Bir de suyun ve toprağın siyanürle zehirleneceği iddiası var. Enerji Bakanlığı da şirket de ayrı ayrı yaptıkları açıklamalarla bu iddiayı yalanladılar. Şirket şöyle diyor: "Altın arama ve çıkarma süreçlerinde siyanür ya da türevi bir madde asla kullanılmamaktadır. Çıkarılan kayaçların içindeki altının ayrıştırılması ise yine uluslararası kriterlere göre, katı bir prosedür içerisinde ve özel olarak hazırlanmış korunaklı, sızdırmazlığı sağlanmış yerlerde, ilgili idarelerin denetimiyle gerçekleştirilir. İddia edildiği gibi siyanürlü atık barajı bulunmayan tesisimiz, tüm uluslararası standartlar gözetilerek sıfır deşarj prensibiyle çalışacaktır." Bu ifadenin takipçisi olmak hepimizin vazifesi.
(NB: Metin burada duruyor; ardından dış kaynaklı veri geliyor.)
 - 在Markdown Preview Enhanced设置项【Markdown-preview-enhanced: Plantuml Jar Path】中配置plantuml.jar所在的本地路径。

Elin Kanadalısına inanacak değiliz ama yollara dökülenlerin ve destekçilerinin yalan haber siciline bakınca onlara da inanacak değiliz. Şimdilik siyanür kullanımının olmadığı ise net.
Gelelim, "Türkler taş taşımakta çok iyiler" başlıklı binlerce habere... Yatırımlarının %25'i Türkiye'de olan Alamos Gold COE'su, Trump'ın Rahip Brunson'ı gerekçe göstererek ekonomimize açıktan saldırdığı geçtiğimiz temmuz ayında, hisselerinin düşmesi üzerine Bloomberg'e çıkıyor.
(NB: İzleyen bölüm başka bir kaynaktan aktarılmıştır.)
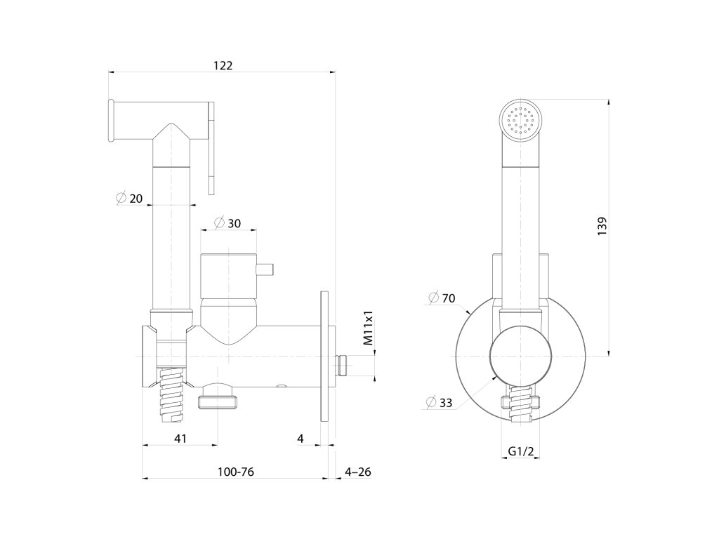 ULTRAMIX podomítková bidetová baterie se Stop sprškou, kulatá, zlato mat

Hem şirketini savunuyor hem de bu düşüşün geçici olduğuna ve Türk ekonomisini diri tutmanın siyaseten gerekli, ekonomik olarak akılcı olduğunu anlatıyor. Röportajı muhalif sosyal medya hesapları sadece "Türkler taş taşımakta çok iyiler" diye verince izleyeyim dedim.
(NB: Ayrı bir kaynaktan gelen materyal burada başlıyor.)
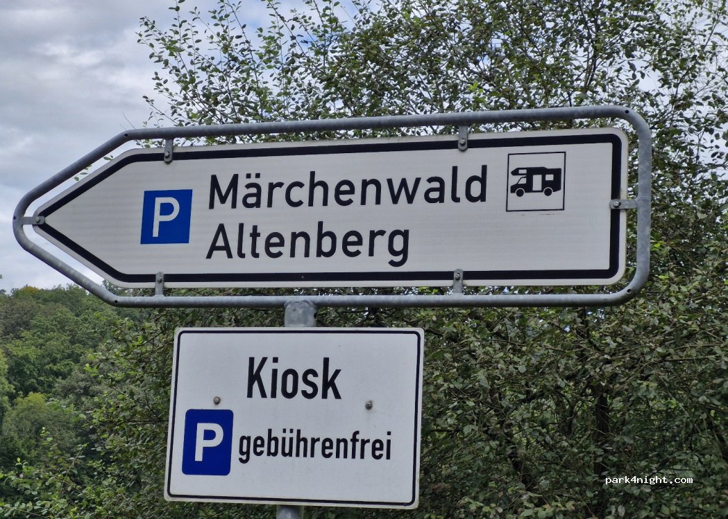 Parking Märchenwald-Altenberg - fee will be charged when visiting the park. Register at the park ticket office and from 20-08h gate is closed from the parking lot (call if necessary). On the large and partly shaded parking lot on the banks of the Dhünn and below the private park 6 plots are also marked for larger campers. Outside the opening hours you stand here quiet until lonely. The fairytale forest is open from March-October daily from 10-18h and November-February daily from 10-16h.

CEO'nun sözleri şöyle: "Türklerin olağanüstü yaptığı şeylerden biri, hatta dünyanın en iyileri arasındalar bu konuda; o da hafriyat, taşı oynatmak. Makinelerini kendileri yapıyor, ülkelerinde üretiyorlar. Olağanüstü iyiler. O yüzden işimizi bu şekilde yapmak konusunda eminiz. Dünyanın başka bir yeri olsa böyle yapmayabilirdik."
CEO, bir sektör olarak hafriyatta ne kadar gelişmiş bir ülke olduğumuzu anlatıyor ama elbette ufak bir çarpıtmayla sanki Türklere hakaret edilmiş gibi bir anlam çıkıyor. Bunu yapanlar, başka bağlamda da yabancı yatırımcının azlığından şikâyet ederler.
Ayrıca projede yabancı çalışan olmamasını sanki bir eksiklikmiş gibi yansıtanlar da "Suriyeliler işimizi çalıyor" diyen güruhla aynı. Bu proje vesilesiyle direkt binden fazla, dolaylı olarak on binden fazla istihdam sağlanacak. Ama ne gâm!
Hülasa mevzu ağaç veya Kaz Dağları değil. Mevzu ne; ona da siz karar verin.